Summary
Elevance Health, Inc. (formerly WellPoint, Inc.) reported solid financial performance for the first quarter ended March 31, 2013. Total revenues grew by 14.7% to $17.7 billion, driven by a significant increase in operating revenue, largely attributable to the acquisition of Amerigroup in December 2012, alongside organic growth in premium revenue. Net income saw a modest increase of 3.4% to $885.2 million, resulting in diluted earnings per share (EPS) of $2.89, a 14.2% increase year-over-year. This EPS growth was bolstered by a reduction in outstanding shares due to the company's active share repurchase program. Operational highlights include strong growth in the Consumer segment, largely fueled by the Amerigroup acquisition, while the Commercial segment experienced a slight revenue dip due to strategic product adjustments and market pressures. The company maintained a solid benefit expense ratio and demonstrated improved efficiency with a lower selling, general, and administrative expense ratio. Despite a decrease in operating cash flow compared to the prior year, primarily due to timing of government payments, the company's liquidity remains strong, supported by significant cash and investments.

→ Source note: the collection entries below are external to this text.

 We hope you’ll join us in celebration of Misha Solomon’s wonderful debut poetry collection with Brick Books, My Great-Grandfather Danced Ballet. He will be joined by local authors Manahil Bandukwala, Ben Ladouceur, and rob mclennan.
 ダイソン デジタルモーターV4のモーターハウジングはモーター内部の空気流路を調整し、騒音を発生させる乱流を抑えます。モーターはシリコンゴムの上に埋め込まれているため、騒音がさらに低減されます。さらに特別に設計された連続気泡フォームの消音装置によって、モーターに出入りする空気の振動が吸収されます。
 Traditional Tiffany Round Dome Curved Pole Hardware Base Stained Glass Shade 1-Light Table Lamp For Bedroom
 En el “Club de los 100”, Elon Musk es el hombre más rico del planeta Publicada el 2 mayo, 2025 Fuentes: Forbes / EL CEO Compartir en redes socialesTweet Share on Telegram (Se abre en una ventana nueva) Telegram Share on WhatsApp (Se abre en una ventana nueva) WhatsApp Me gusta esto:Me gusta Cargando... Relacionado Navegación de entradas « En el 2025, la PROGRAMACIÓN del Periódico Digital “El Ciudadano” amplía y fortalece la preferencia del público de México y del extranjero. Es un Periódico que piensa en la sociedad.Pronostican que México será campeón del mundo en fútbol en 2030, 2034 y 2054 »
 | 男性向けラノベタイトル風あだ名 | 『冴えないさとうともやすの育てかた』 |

Investors should note the company's continued focus on capital allocation through dividends and share repurchases, as well as ongoing efforts to manage healthcare cost trends.
Financial Highlights
52 data points| Revenue | $17.58B |
| Cost of Revenue | $65.00M |
| Gross Profit | $17.51B |
| SG&A Expenses | $2.33B |
| Operating Income | $1.36B |
| Interest Expense | $153.50M |
| Net Income | $885.20M |
| EPS (Basic) | $2.92 |
| EPS (Diluted) | $2.89 |
| Shares Outstanding (Basic) | 303.20M |
| Shares Outstanding (Diluted) | 305.90M |
Key Highlights
- 1Total revenues increased by 14.7% to $17.7 billion, driven by strong operating revenue growth.

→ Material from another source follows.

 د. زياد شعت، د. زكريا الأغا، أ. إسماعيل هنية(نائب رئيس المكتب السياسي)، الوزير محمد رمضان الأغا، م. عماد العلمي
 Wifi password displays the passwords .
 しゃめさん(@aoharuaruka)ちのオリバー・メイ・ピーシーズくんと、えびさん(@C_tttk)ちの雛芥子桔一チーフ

- 2Net income rose 3.4% to $885.2 million, with diluted EPS growing 14.2% to $2.89.
- 3The acquisition of Amerigroup significantly contributed to the 51.5% increase in operating revenue for the Consumer segment.
- 4Operating cash flow decreased by $266.2 million to $956.9 million, mainly due to timing of government premium payments.
- 5The company's benefit expense ratio remained stable at 83.7%, and the SG&A expense ratio improved to 13.5%.
- 6Shareholders benefited from a 14.2% increase in dividends per share ($0.3750 in Q1 2013 vs. $0.2875 in Q1 2012).
- 7Total medical membership increased by 6.3% to 35.8 million, largely due to the Amerigroup acquisition adding state-sponsored members.